Anyone know to a campsite close to Jerez race circuit open in November?


----------



## DocHoliday (Jul 18, 2008)

I don't know about a proper campsite, but the huge car park (not the fenced-in bit) by the main entrance is open at all times and I've stayed there a few nights. There are some grassy bits I think if you want to pitch a tent. No services, though.

Going to watch some testing?


----------



## Bryandh (Oct 6, 2010)

If you want to stay in a full facility campsite near Jerez try the link below. About 14K from the site so some driving involved. Just spent a few days at this site and can recommend it, very quiet at this time of year which for us was ideal. Cost around 21 euros per night.

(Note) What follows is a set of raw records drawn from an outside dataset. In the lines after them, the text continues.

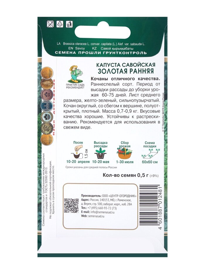 Семена Капуста савойская "Золотая ранняя", 0,5гр. информация:
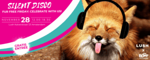 Help mee onze boodschap te verspreiden: kom vrijdag 28 november naar LUSH, dans mee én doneer voor een bontvrije wereld. Samen maken in stilte kabaal voor de dieren!
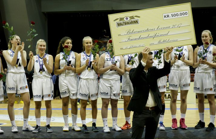 Umfjöllun, viðtöl og myndir: Keflavík - Skallagrímur 65-62 | Fjórtándi bikarmeistaratitill Keflavíkur Anton Ingi Leifsson í Laugardalshöll skrifar 11. febrúar 2017 15:30 Keflavíkurkonur hefja bikarinn á loft. vísir/andri marinó Keflavík er Malt-bikarmeistari eftir sigur á Skallagrím í bikarúrslitaleik kvenna, en leiknum er nýlokið í Laugardalshöllinni, 65-62. Þetta er í fjórtánda skiptið sem Keflavíkur verður bikarmeistari kvenna, en leikurinn var æsispennandi.Andri Marinó Karlsson, ljósmyndari Fréttablaðsins og Vísis, var í Laugardalshöllinni og tók meðfylgjandi myndir. Ariana Moorer skoraði 26 stig fyrir Keflavík, en Erna Hákonardóttir fyrirliði kom næst með 12 stig. Í liði Skallagríms var það Tavelyn Tillman sem skoraði mest eða 26 stig. Næst kom Sigrún Sjöfn Ámundardóttir með 13 stig. Byrjunin hjá Keflavík var rosaleg. Ákefðin í vörninni, baráttan og þær voru heldur betur tilbúnar í verkefnið, en nýliðarnir, sem voru að spila sinn fyrsta bikarúrslitaleik, virtust taugaveiklaðar. Pressuvörn Keflvíkinga virtist fara algjörlega með þær og staðan var 11-2 eftir þrjár mínútur. Ariana Moorer fór á kostum í upphafi leiks og skoraði fyrstu þrettán stig Keflavíkur, en hún var kominn með sautján stig í hálfleik. Hægt og rólega fóru þá Skallarnir að minnka muninn, en eftir fyrsta leikhluta var staðan enn 22-14, Keflavík í vil og staðan í hálfleik 37-34. Síðari hálfleikur var eins og sá fyrri, en dramatíkin var allsráðandi. Liðin héldust nánast nánast hönd í hönd og þegar annað liðið setti niður þrist þá gat hitt liðið ekki verið minni maður og setti niður þrist á móti. Að endingu voru svo Keflvíkingar sterkari og unn sinn fjórtánda bikarmeistaratitil sem er magnaður árangur.Afhverju vann Keflavík? Stáltaugarnar hjá unga liði Keflavíkur voru betri undir lokin og einnig áttu þær besta leikmann vallarins Ariana Moorer sem keyrði Keflavík í gegnum erfiðu kaflana í leiknum. Byrjun Keflavíkur, sem var mögnuð, gaf þeim einnig auka orku og hefðu þær ekki byrjað svona vel hefði maður aldrei vitað hvað hefði gerst. Ef og hefði er svo auðvitað allt annar leikur, en frammistaða Keflavíkur var bara mjög góð. Þær hefðu þó getað náð enn meira forskoti í byrjun leiks og hefði getað komið í bakið á þeim þegar þær voru að klikka auðveldum sniðskotum, en það kom ekki í bakið hjá þeim og afar öflug frammistaða að baki hjá þessu Keflavíkurliði. Varnarleikurinn, sem hefur verið svo frábær í vetur hjá Keflavík, skilaði þeim enn einum sigrinum.Bestu leikmenn vallarins Það er enginn vafi á því að Ariana Moorer var besti leikmaður vallarins í dag og hún dró þetta unga lið Keflavíkur að landi þegar mest á reyndi, en á ferðinni er frábær leikmaður. Hún skoraði 26 stig, en var þó einnig dugleg að finna stöllur sínar (sjö stoðsendingar) og hirti fimmtán fráköst. Aðrar í liði Keflavíkur eins og Erna Hákonardóttir, fyrirliði og að ógleymdri Birnu Valgerði, lögðu mikilvægar hendur á plóg í þessu verkefni að ógleymdri Salbjörgu Rögnu Sævarsdóttur. Tavelyn Tillman var stigahæst í liði Skallagríms, með 26 stig eins og Moorer, en hún var öflug í leiknu. Næst kom Sigrún Sjöfn Ámundardóttir með 13 og þriggja stiga Fanney Lind Thomas skoraði ellefu stig. Skallagrímur hefði þurft örlítið framlag frá til að mynda Jóhönnu Björk Sveinsdóttur og Guðrúnu Ósk Ámundardóttir hefðu þær ætlað sér að hreppa þann stóra.Tölfræðin sem vakti athygli Eljan og baráttan í þessu unga Keflavíkurliði skilaði sér heldur betur því liðið tók alls tólf fráköstum meira en Skallagríms-liðið. Svakaleg barátta og þær voru tilbúnar að kasta sér á hvern einasta bolta sem var laus í teignum. Það kemur líka kannski á óvart að Keflavík tapaði níu fleiri boltum en Skallagrímur, en standa samt uppi sem sigurvegarar. Það er athyglisvert. Það sem stingur kannski einnig mest í sjálfri liðstölfræðinni er sú að Skallagrímur er -19 þegar Ragnheiður Benónísdóttir er inn á, en hún spilaði tæplega 22 mínútur.Hvað gekk illa? Byrjun Skallagríms var ekki til að hrópa húrra fyrir og þeim gekk afar illa í upphafi leiks að koma boltanum ofan í körfuna. Hefðu þær byrjað örlítið betur þá, eins og ég sagði áðan, er aldrei að vita hvað hefði gerst - en að því er ekki spurt. Keflavík byrjaði einfaldlega betur og vann leikinn með þremur stigum og er bikarmeistari árið 2017 í fjórtánda skiptið, sem er magnaður árangur.Keflavík-Skallagrímur 65-62 (22-14, 15-20, 15-12, 13-16)Keflavík: Ariana Moorer 26/15 fráköst/7 stoðsendingar, Erna Hákonardóttir 12, Birna Valgerður Benónýsdóttir 11/7 fráköst/3 varin skot, Katla Rún Garðarsdóttir 5, Emelía Ósk Gunnarsdóttir 4/7 fráköst, Irena Sól Jónsdóttir 3, Salbjörg Ragna Sævarsdóttir 2/11 fráköst/3 varin skot, Thelma Dís Ágústsdóttir 2/8 fráköst.Skallagrímur: Tavelyn Tillman 26/7 fráköst/6 stoðsendingar, Sigrún Sjöfn Ámundadóttir 13/11 fráköst, Fanney Lind Thomas 11, Guðrún Ósk Ámundadóttir 5/4 fráköst, Jóhanna Björk Sveinsdóttir 3/9 fráköst, Ragnheiður Benónísdóttir 2/5 fráköst, Kristrún Sigurjónsdóttir 2.Bein lýsing: Keflavík - Skallagrímurvísir/andri marinó Dominos-deild kvenna Mest lesið Fær þrjár milljónir á dag næstu sex árin fyrir að gera ekkert Sport Stöðufundur í Laugardal klukkan 10:30 Fótbolti Elsta konan til klára Járnkarlinn Sport Enska úrvalsdeildin í jólaköttinn Enski boltinn Nýi íþróttastjóri Kjartans stal mörgæs og endaði í fangelsi í Singapúr Fótbolti Brendan Rodgers sagði starfinu sínu lausu eftir ásakanir Fótbolti Tyrkneska sambandið segir dómara hafa veðjað á þúsundir leikja Fótbolti Fylltu í eyðurna
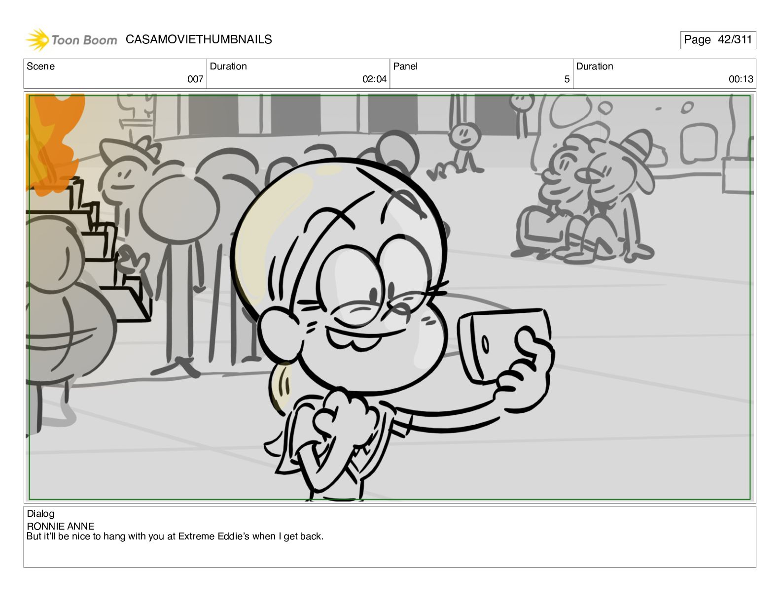 Scene 032 Duration 03:04 Panel 9 Duration 00:04 Dialog <RONNIE
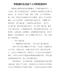 专题组织生活会个人对照检查材料 我能够认真贯彻局党组部署要求,严格落实集中学习、个“”人自学、研讨交流等规定动作,积极参加我为群众办实事实“”践活动,进一步夯实了明理、增信、崇德、力行的思想根基。同时,按照这次专题组织生活会要求,通过广泛征求意见“建议、谈心交流思想,全面系统进行检视分析,主要看四个”“是否坚定,四个强不强,即理想信念是否坚定、四个自”“”信强不强,看对党忠诚是否坚定、两个维护强不强,看责任担当是否坚定、斗争精神强不强,看自我革命是否坚定、自我净化、自我完善、自我革新、自我提高能力强不强,反思问题差距、剖析根源症结,进一步明确了努力方向。下面,由我做个对照检查。 一、存在主...

http://www.lasdunascamping.com/01_Principal.php?lang=EN


----------



## chass (Dec 16, 2009)

DocHoliday said:


> I don't know about a proper campsite, but the huge car park (not the fenced-in bit) by the main entrance is open at all times and I've stayed there a few nights. There are some grassy bits I think if you want to pitch a tent. No services, though
> 
> Going to watch some testing?


That was closed off last year

We are testing! New super stocks bike.


----------



## DocHoliday (Jul 18, 2008)

I don't know how it could be closed off - it's enormous, unfenced and there are many entrances to it. I'm referring to the scruffy concrete/gravel/scrub area to the west of the fenced bike compound - take a look at Google maps here:
36.707214, -6.044075

I stayed there for F1 testing and the MotoGP IRTA test last year.

Good luck with the testing!


----------